A TRAGEDY unfolded when a seven-year-old boy was trapped between the elevator doors of his family's luxury vacation home in North Carolina.

Officials said the boy's head and neck were crushed by the elevator, which had an accordion gate inside the outer door of the home elevator.

Emergency responders were called to the vacation home at about 6.40pm Sunday evening in response to a report that a child was trapped in the elevator.

EMS found the boy trapped between the elevator car and the elevator shaft inside the Franklyn Street home in the Corolla Light neighborhood.

The child, who was from Canton, Ohio, could not be resuscitated and was pronounced dead at the scene, officials. said.

"It's just such a terrible tragedy," Corolla Fire Chief Rich Shortway said.

It was the first day of the family's vacation at the luxury North Carolina home in Outer Banks, which rents for about $14,000 per week.

The boy's death has been ruled an accident by the Cuttrick County Sheriff's Office, according to the Coastland Times.

"We are not sure exactly how it happened," Cuttrick County Fire-EMS Chief Ralph Melton said.

"The child was entrapped in the doors," Melton went on. "We were able to free him, but his head and neck were crushed by the elevator, and he died as a result of traumatic injuries sustained in the elevator mishap Sunday night."

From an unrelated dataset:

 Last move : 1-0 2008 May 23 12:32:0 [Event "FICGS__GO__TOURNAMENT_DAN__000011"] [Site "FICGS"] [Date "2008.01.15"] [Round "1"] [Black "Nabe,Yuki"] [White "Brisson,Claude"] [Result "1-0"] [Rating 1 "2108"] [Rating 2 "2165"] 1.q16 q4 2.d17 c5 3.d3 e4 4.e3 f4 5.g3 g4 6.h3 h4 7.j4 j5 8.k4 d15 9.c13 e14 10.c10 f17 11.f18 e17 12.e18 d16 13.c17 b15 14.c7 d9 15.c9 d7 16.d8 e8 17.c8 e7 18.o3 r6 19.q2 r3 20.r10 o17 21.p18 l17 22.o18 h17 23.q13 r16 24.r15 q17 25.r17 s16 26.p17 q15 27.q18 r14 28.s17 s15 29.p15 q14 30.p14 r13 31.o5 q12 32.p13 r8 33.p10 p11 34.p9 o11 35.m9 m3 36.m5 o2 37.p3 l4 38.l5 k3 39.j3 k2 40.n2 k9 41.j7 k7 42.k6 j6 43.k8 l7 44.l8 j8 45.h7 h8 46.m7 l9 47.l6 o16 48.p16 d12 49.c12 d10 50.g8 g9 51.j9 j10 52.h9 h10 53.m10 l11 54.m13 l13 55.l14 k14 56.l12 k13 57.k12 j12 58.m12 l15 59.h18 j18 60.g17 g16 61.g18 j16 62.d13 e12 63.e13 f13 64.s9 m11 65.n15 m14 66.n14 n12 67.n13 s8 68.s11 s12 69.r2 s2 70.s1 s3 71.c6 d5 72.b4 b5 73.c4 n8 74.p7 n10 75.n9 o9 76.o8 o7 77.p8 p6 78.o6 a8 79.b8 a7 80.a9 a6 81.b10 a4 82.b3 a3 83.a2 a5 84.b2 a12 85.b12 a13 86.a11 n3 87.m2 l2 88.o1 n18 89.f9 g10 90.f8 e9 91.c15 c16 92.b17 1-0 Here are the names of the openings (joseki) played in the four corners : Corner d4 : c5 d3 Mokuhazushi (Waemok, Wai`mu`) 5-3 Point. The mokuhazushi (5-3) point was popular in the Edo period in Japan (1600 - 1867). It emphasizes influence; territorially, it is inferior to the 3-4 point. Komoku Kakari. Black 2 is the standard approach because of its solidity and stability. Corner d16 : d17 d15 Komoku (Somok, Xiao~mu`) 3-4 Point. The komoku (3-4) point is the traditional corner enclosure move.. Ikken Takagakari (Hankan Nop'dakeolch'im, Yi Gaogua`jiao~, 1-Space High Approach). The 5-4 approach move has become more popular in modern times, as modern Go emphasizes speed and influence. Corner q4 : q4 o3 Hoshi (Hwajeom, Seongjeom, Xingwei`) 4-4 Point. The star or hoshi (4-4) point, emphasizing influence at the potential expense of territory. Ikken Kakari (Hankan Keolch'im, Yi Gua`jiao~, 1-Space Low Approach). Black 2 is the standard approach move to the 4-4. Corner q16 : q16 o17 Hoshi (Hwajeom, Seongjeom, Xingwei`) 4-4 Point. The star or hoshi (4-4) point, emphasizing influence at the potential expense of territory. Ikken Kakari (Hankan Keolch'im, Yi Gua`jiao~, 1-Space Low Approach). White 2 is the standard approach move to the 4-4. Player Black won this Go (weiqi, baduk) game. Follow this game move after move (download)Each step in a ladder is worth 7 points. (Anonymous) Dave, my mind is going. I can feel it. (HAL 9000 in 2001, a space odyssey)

Melton added that there have been close calls with elevators like this one, but this was the first fatality.

While North Carolina's Department of Labor regulates commercial and public building elevator inspections, private resident elevators are not regulated.

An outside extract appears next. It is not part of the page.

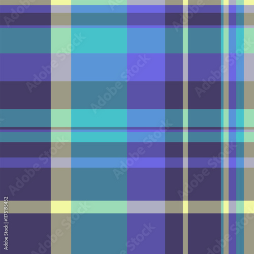 Stylish pastel plaid pattern in teal, purple, and beige. Perfect for textile designs, website backgrounds, or fashion illustrations. The soft color palette offers a modern and versatile aesthetic.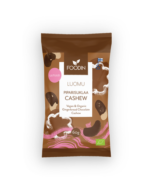 Katso kaikki tiedotPiparisuklaacashew, luomu, Foodin, 60 g

The Washington Post reported that between 1981 and 2019, at least eight children have died and two have been seriously injured by being trapped in an elevator.

Some elevator industry experts insist the number is much higher, the Post found.

The Consumer Product Safety Commission has issued warnings about the "deadly gap between doors of home elevators" and suggested using a space guard or electronic monitoring device to prevent children from getting trapped.

However, when federal regulators pushed for improvements, they faced resistance from elevator manufacturers, who argued the problem was complicated, overblown in some cases, and ultimately not their responsibility.

The CPSC opted not to issue an elevator recall but did publish a safety warning that was distributed to governors nationwide.

"CPSC is aware of several tragic incidents in which children became entrapped between the doors leading to death, serious fractures, traumatic asphyxia, and lifelong injuries,” the agency said in a 2019 warning.